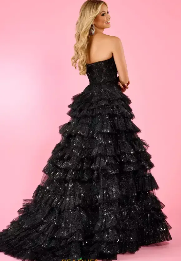Become a modern day princess when wearing this phenomenal a- line dress from Rachel Allan, style 70675. This number comes in three different colors: black, pink and purple. Showcasing a plunging sweetheart neckline with detachable off the shoulder cap sleeves leading to a back zipper closure. The top of this a- line dress is a corset, which will hug your body beautifully. It’s adorned with floral applique and dazzling beadwork. The bottom of the dress is made out of glitter tulle and has overlay material. For the perfect touch it has a pretty train.
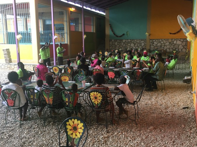 People who have suffered greatly in their lives, throwing their hands up in worship. Elders who need assistance to walk insisting on joining the conga line anyway. Church members who live a daily food crisis and know the threat of gang violence quite personally, not only eating with gratitude, but slipping leftovers off their plates into their napkins to take home and share. Those members also inviting in children who are peeking through the open restaurant door to finish their sodas and saving some of the chicken on their own plates for them.
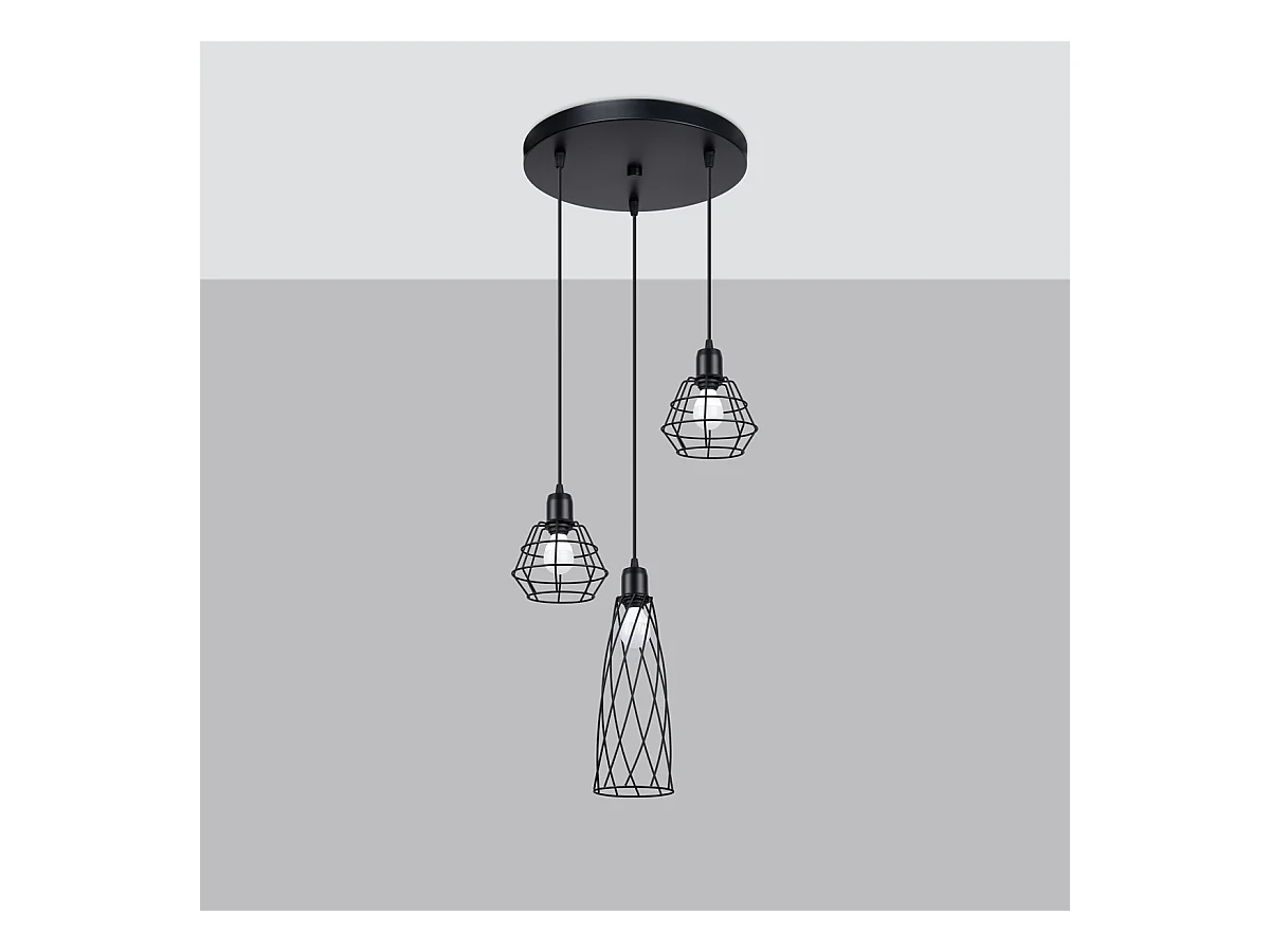 Pendelleuchten Suba Industriell Aus Stahl - 3 Lichtquellen - L.38 X H. Cm - Schwarz
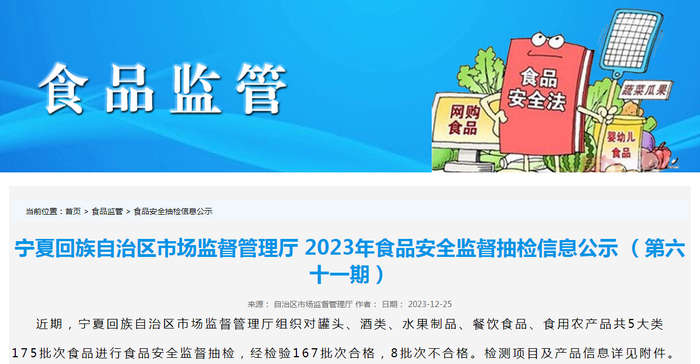 近期,宁夏回族自治区市场监督管理厅组织对罐头、酒类、水果制品、餐饮食品、食用农产品共5大类175批次食品进行食品安全监督抽检,经检验167批次合格,8批次不合格。检测项目及产品信息详见附件。
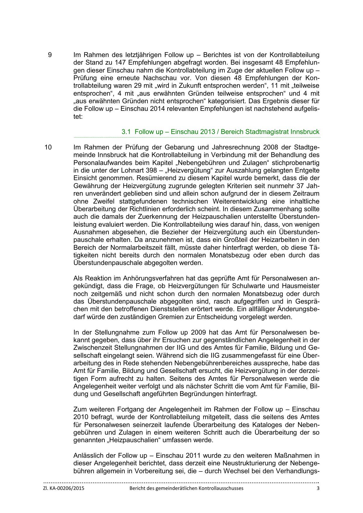 3.1 Follow up – Einschau 2013 / Bereich Stadtmagistrat Innsbruck
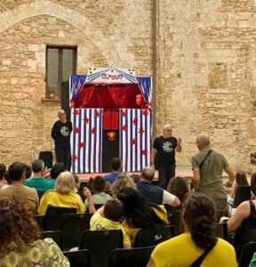 Lo spettacolo si presenta con un doppio teatrino: nella parte inferiore, una nonna è intenta a tessere al telaio, raccontando la storia di Pinocchio alla sua nipotina per farla addormentare. La favola si anima nella parte superiore, con un suggestivo alternarsi di luci e colori che guidano lo spettatore nel cuore della storia. Uno spettacolo di burattini e marionette, creato “a sei mani”, con l’immutata ambizione di parlare al cuore e alla fantasia di grandi e piccini. Pinocchio non ha età e il suo messaggio continua a essere incredibilmente attuale. A risuonare, ancora oggi, sono le parole immortali di Carlo Collodi: “Non ti fidare, ragazzo mio, di quelli che promettono di farti ricco dalla mattina alla sera. Per il solito, o sono matti o imbroglioni!”. Un monito senza tempo, un invito alla prudenza e alla diffidenza verso le promesse facili e le scorciatoie verso la ricchezza, valido per i più piccoli e forse ancor di più per gli adulti.
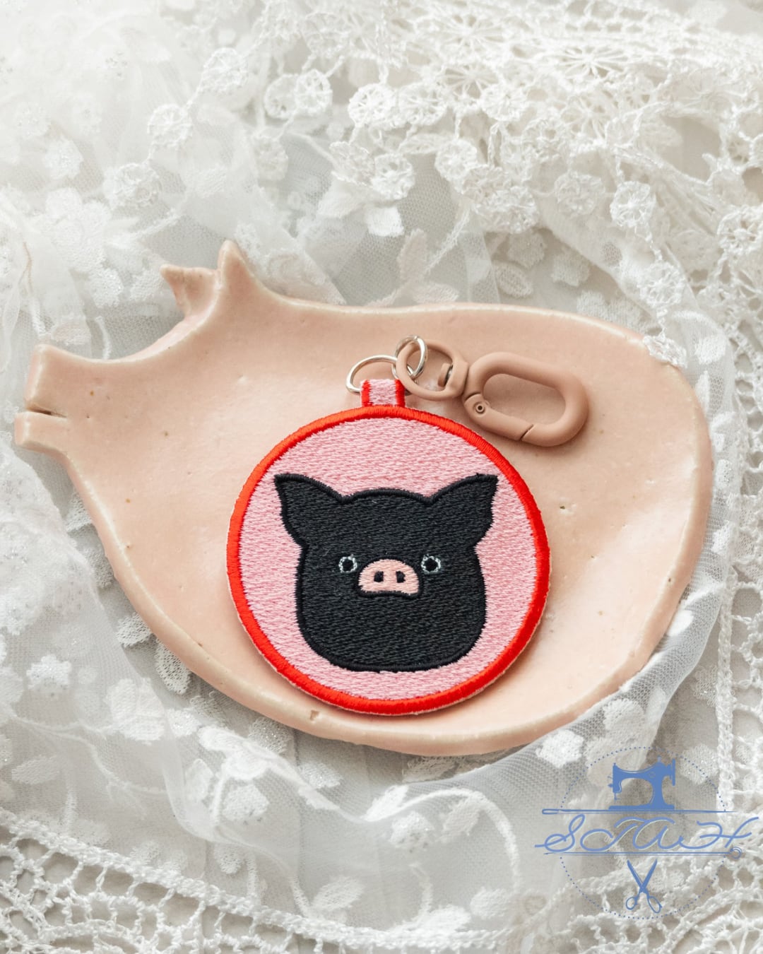 刺繍ミシンを用いて作成したぶたさんをモチーフのワッペンキーホルダーです。
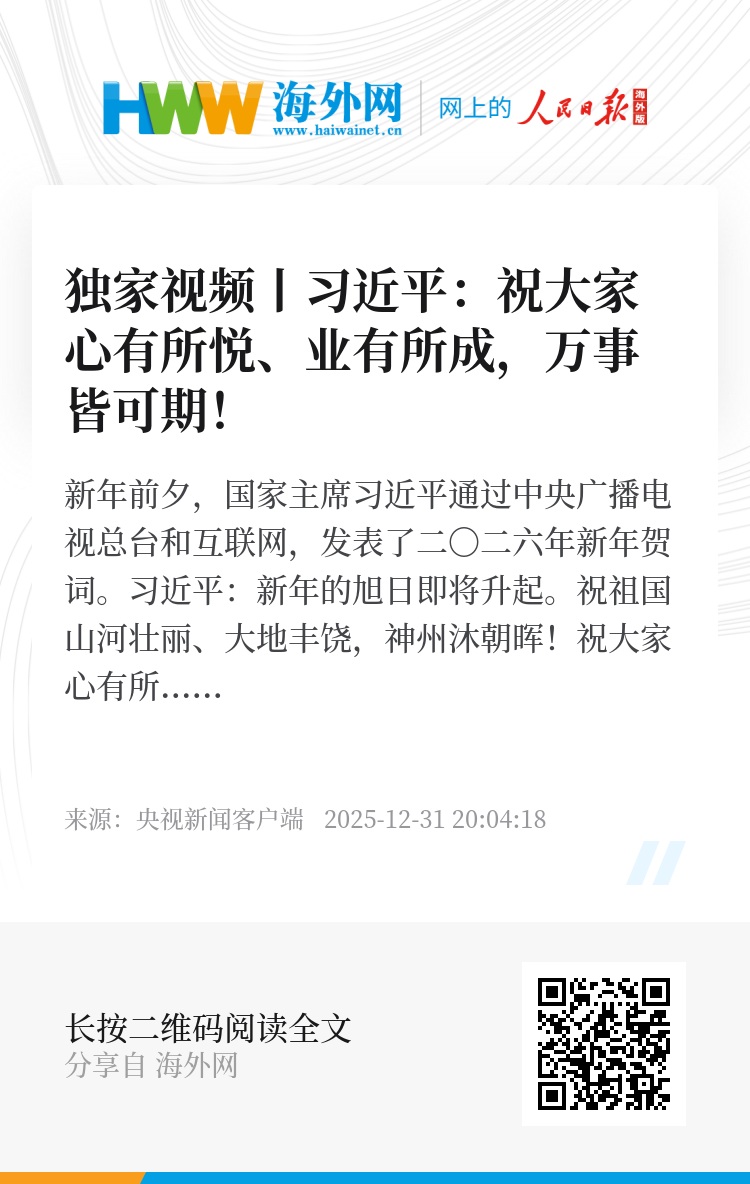 新年前夕,国家主席习近平通过中央广播电视总台和互联网,发表了二〇二六年新年贺词。
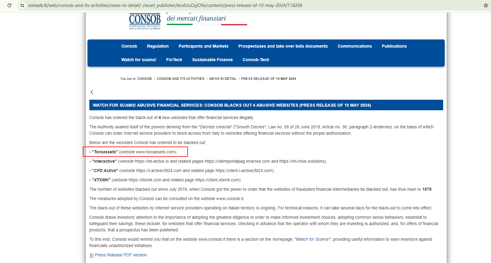 On May 10, 2024, the Italian Companies and Exchange Commission (CONSOB) ordered TOROASSETS' website to be blacked out since it offers financial services illegally in Italy. https://www.consob.it/web/consob-and-its-activities/news-in-detail/-/asset_publisher/kcxlUuOyjO9x/content/press-release-of-10-may-2024/718268
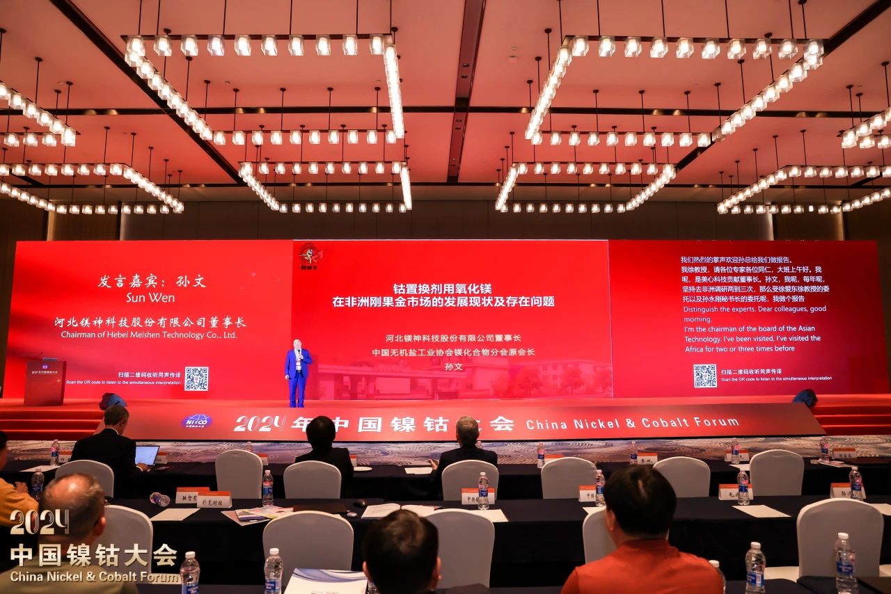 在這場聚焦“以新質生產力激發鎳鈷行業高質量發展新動能”的盛會上,河北鎂神科技股份有限公司董事長孫文先生作為嘉賓受邀出席并發表了題為《鈷置換劑用氧化鎂在非洲剛果金市場的發展現狀及存在問題》的主題報告,為與會者帶來了深刻洞察與前瞻思考,贏得了現場陣陣掌聲。
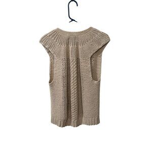 This sleeveless knit vest with an open front design offers a breathable yet stylish layering option. Crafted with a luxurious silk and cotton blend for a soft, lightweight texture. Neutral tan color makes it versatile for various outfits and occasions.
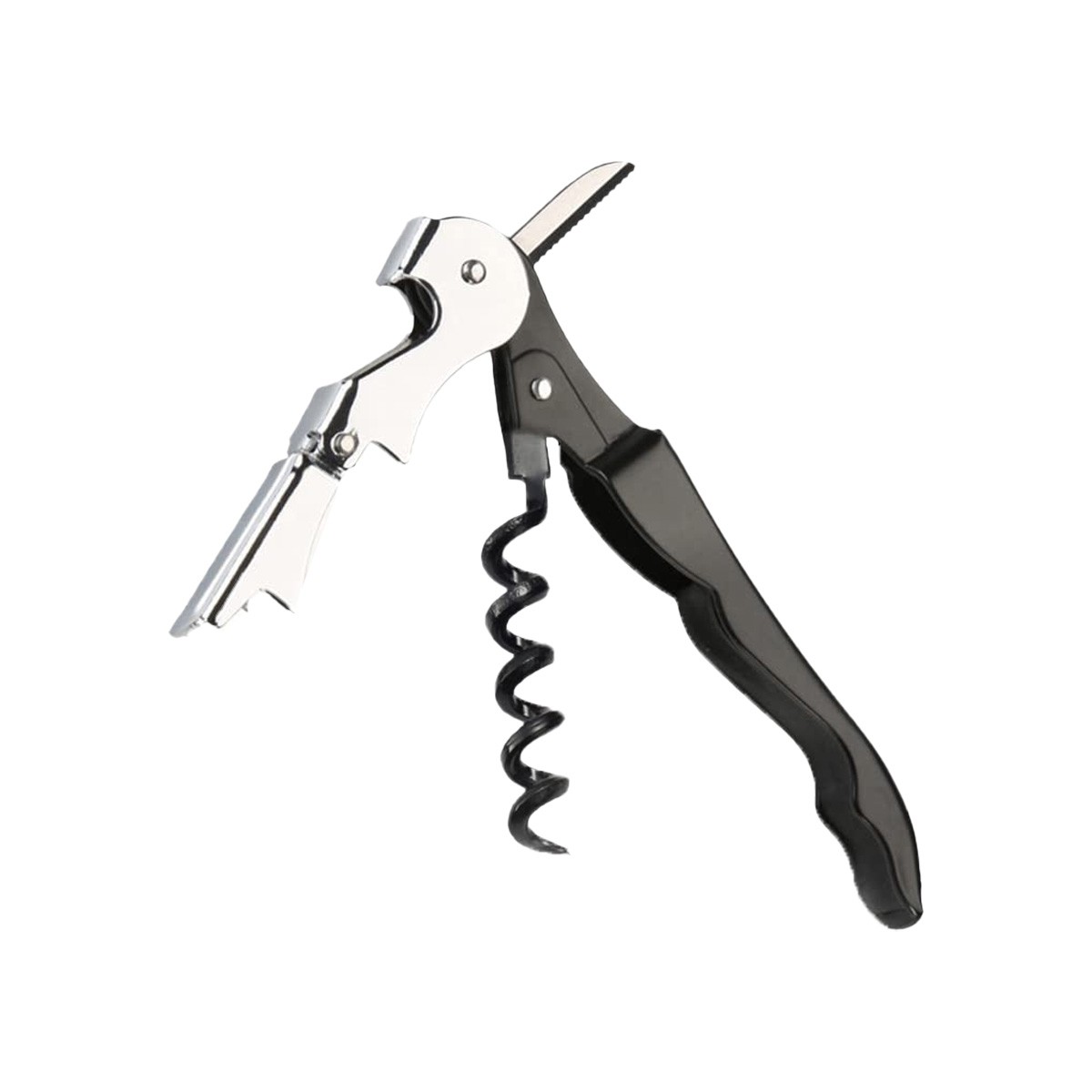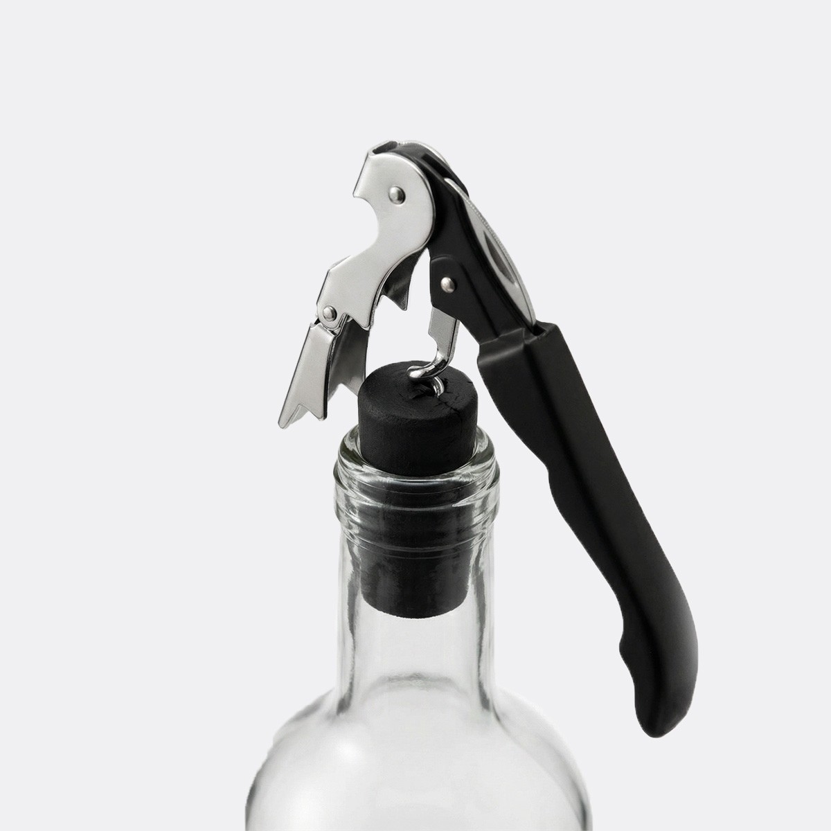 El sacacorchos permite extraer el corcho en dos pasos. Este método eficiente ahorra tiempo y facilita el proceso de descorche. El diseño ergonómico ofrece un agarre cómodo y gran funcionalidad. Además, el sacacorchos incluye cortacápsulas y espiral con recubrimiento de teflón.
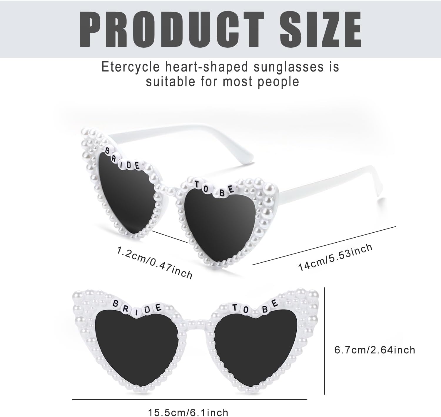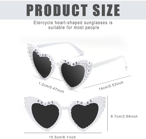 - Bride To Be Sunglasses: Etercycle’s heart sunglasses are decorated with dazzling crystals/pearl and white “BRIDE TO BE ” lettering, symbolizing timeless love and happiness.This not only a good decoration at the bachelor party but also an excellent Photo props for you to take pictures.Elegant bridal sunglasses, once put on, you will be the center of attention in bachelorette and bride to be party
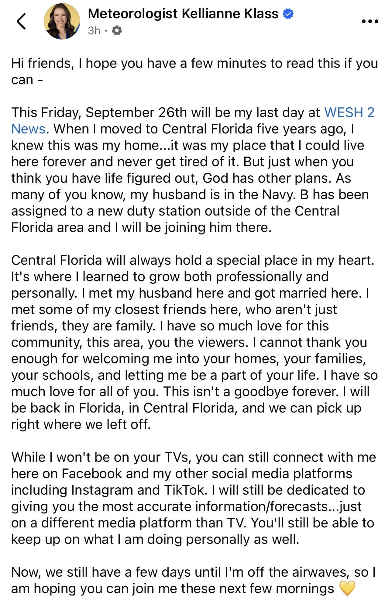 This is the last week for WESH (Orlando) Meteorologist Kellianne Klass.

—————

Could you repeat word for word only the lines from the one that contains "刺繍ミシンを用いて作成したぶたさんをモチーフのワッペンキーホルダーです。" through the end of the listing, leaving out the pictures?

■ EXERCISE SOLUTION
 刺繍ミシンを用いて作成したぶたさんをモチーフのワッペンキーホルダーです。
 新年前夕,国家主席习近平通过中央广播电视总台和互联网,发表了二〇二六年新年贺词。
 On May 10, 2024, the Italian Companies and Exchange Commission (CONSOB) ordered TOROASSETS' website to be blacked out since it offers financial services illegally in Italy. https://www.consob.it/web/consob-and-its-activities/news-in-detail/-/asset_publisher/kcxlUuOyjO9x/content/press-release-of-10-may-2024/718268
 在這場聚焦“以新質生產力激發鎳鈷行業高質量發展新動能”的盛會上,河北鎂神科技股份有限公司董事長孫文先生作為嘉賓受邀出席并發表了題為《鈷置換劑用氧化鎂在非洲剛果金市場的發展現狀及存在問題》的主題報告,為與會者帶來了深刻洞察與前瞻思考,贏得了現場陣陣掌聲。
 This sleeveless knit vest with an open front design offers a breathable yet stylish layering option. Crafted with a luxurious silk and cotton blend for a soft, lightweight texture. Neutral tan color makes it versatile for various outfits and occasions.
 El sacacorchos permite extraer el corcho en dos pasos. Este método eficiente ahorra tiempo y facilita el proceso de descorche. El diseño ergonómico ofrece un agarre cómodo y gran funcionalidad. Además, el sacacorchos incluye cortacápsulas y espiral con recubrimiento de teflón.
 - Bride To Be Sunglasses: Etercycle’s heart sunglasses are decorated with dazzling crystals/pearl and white “BRIDE TO BE ” lettering, symbolizing timeless love and happiness.This not only a good decoration at the bachelor party but also an excellent Photo props for you to take pictures.Elegant bridal sunglasses, once put on, you will be the center of attention in bachelorette and bride to be party
 This is the last week for WESH (Orlando) Meteorologist Kellianne Klass.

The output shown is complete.